Figure 1

Molecular basis of transcription and a reconstruction of σ-factor-transcription unit gene ( σ-TUG) network from multi-omic experimental datasets. (a) Diagram shows bacterial transcription process by an RNA polymerase (RNAP) core enzyme and an associated σ-factor. (b) Four-step process of multi-omic data integration to reconstruct the σ-TUG network. First, we identified RNAP-binding regions (RNAP map) and σ-factor binding regions (σ map) from RpoB and σ-factor chromatin immunoprecipitation and microarray (ChIP-chip) data (the missing σ²⁴ binding information was taken from a public database [6]), resulting in the genome-wide holoenzyme binding map (Eσ map). The Eσ map was then combined with experimental transcription start site (TSS) information (TSS map), resulting in he strand-specific promoter map (P-map), which was integrated with previously reported TU information [7], resulting in the σ-network.
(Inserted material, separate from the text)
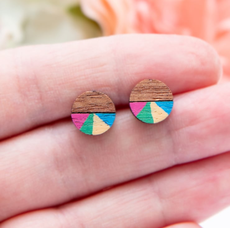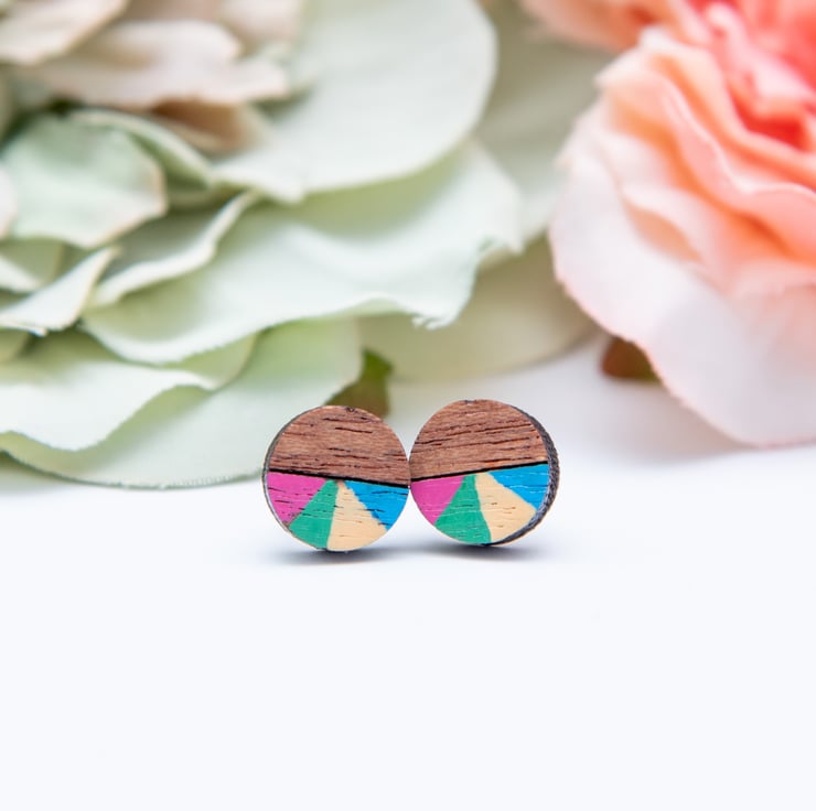 Featuring laser cut wooden circles, these fun and quirky earrings are hand-painted and finished with a matt varnish to protect them. As these earrings are made to order, they can be painted in different colours if required. Please just leave a note when ordering if you would like to request a colour change.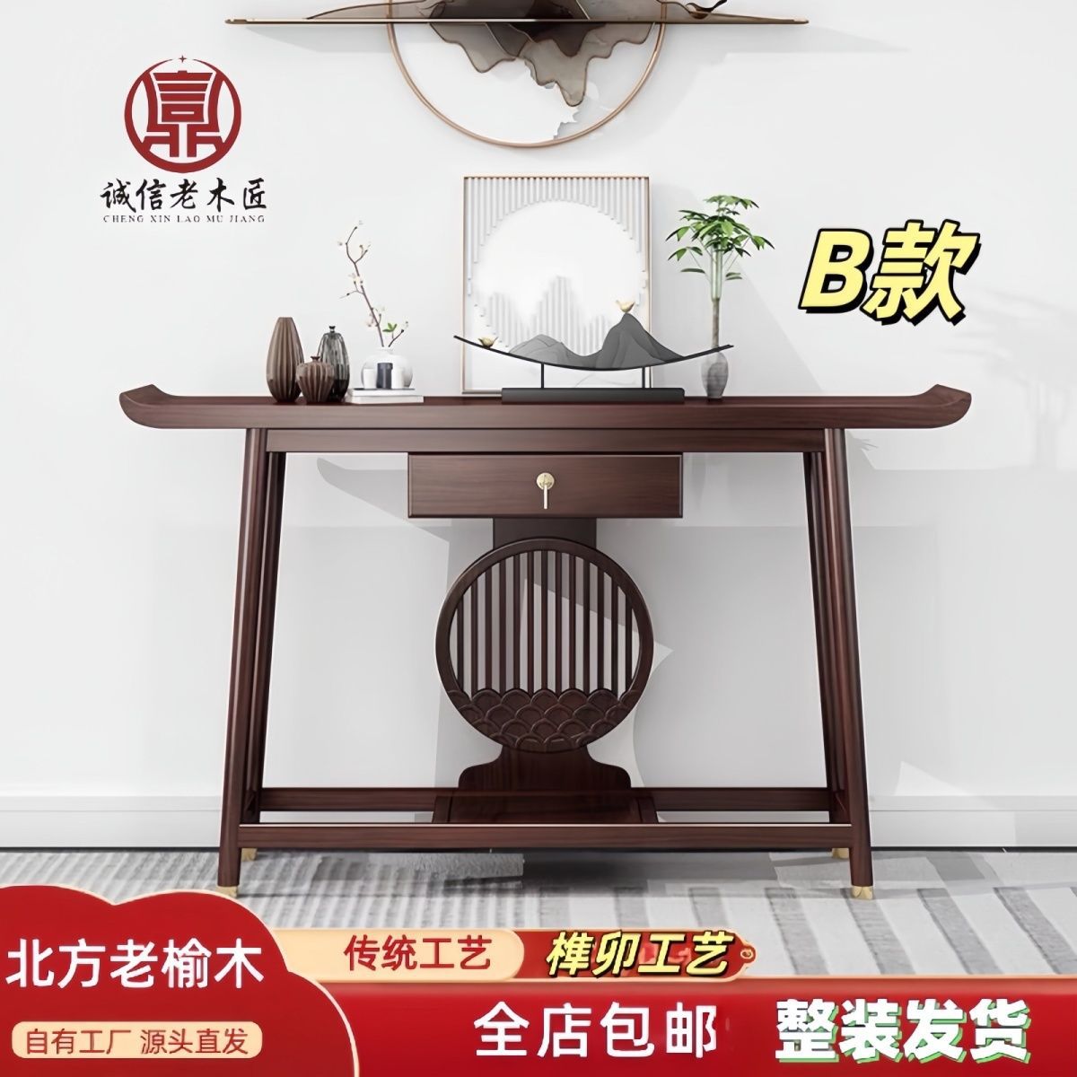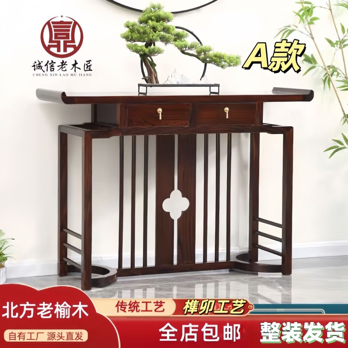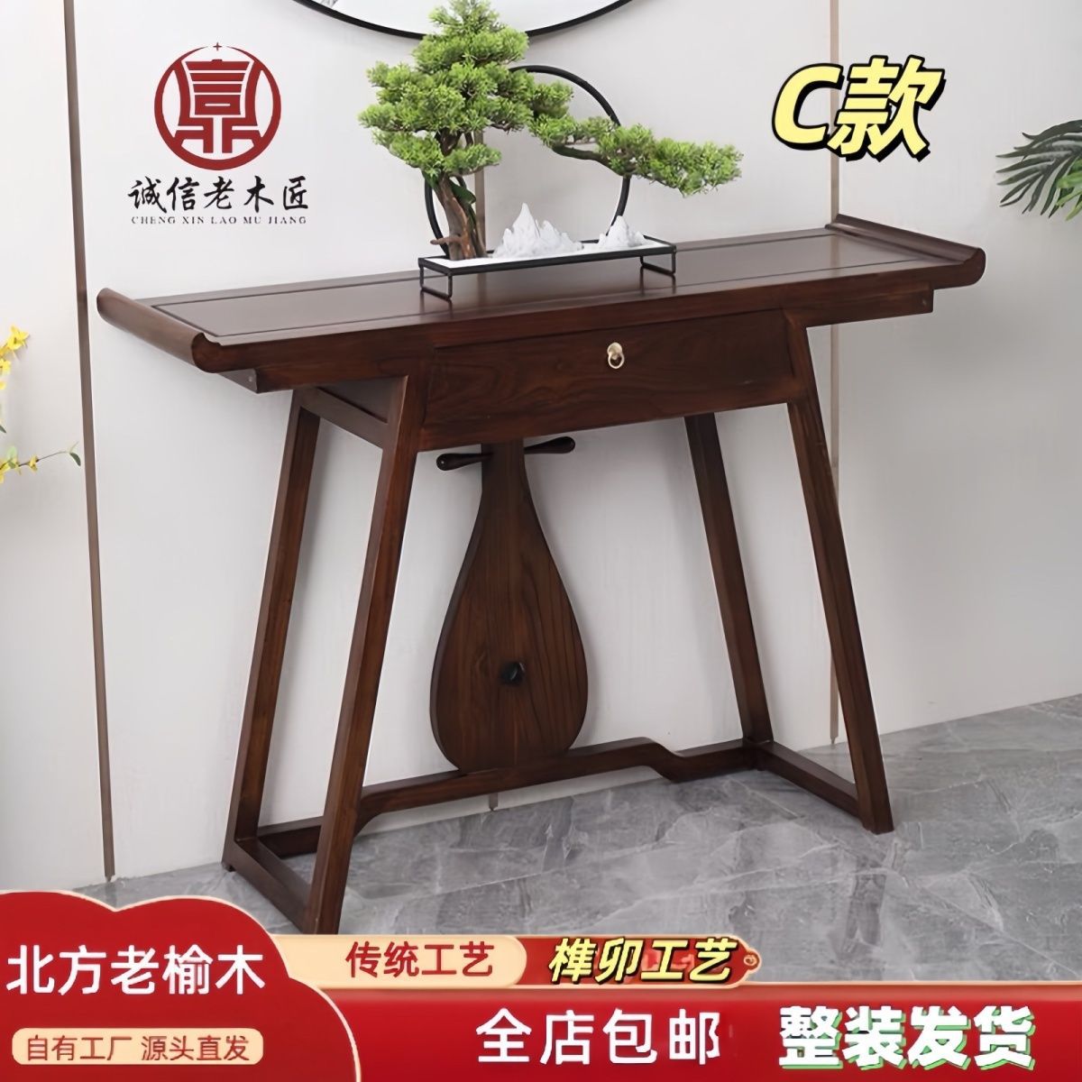 중국 스타일 입구 홀 간단한 입장 빛 럭셔리 솔리드 우드 선 데스크 거실 테이블 벽 느릅 나무 엔드 데스크

With this σ-network, we then performed further analysis, such as network reprogramming, motif analysis, promoter overlapping, and alternative TSS usage. Subfigure I: IOPR, intensively overlapped promoter region; OPR, overlapped promoter region; SPR, single promoter region; Orphan, orphan promoter region. Subfigure III and IV: green and brown circles represent σ⁷⁰ and σ³⁸, yellow circles represent TUs, and red dots represent genes. Edges show regulatory interactions between elements. (c) Datasets used for σ-TUG network reconstruction: ChIP-chip dataset with RNAP and six σ-factors, and the TSS dataset. The TSS dataset for exponential phase was taken from a previous study [9].TSS subpanel: exp, exponential phase; stat, stationary phase; heat, heat shock; gln, alternative nitrogen source with glutamine. (d) Magnified examples of rpoD (left panel, genomic region ranging from 3,196 to 3,214 kbp), fecI and fecRAB (right panel, genomic region ranging from 4,494 to 4,517 kbp).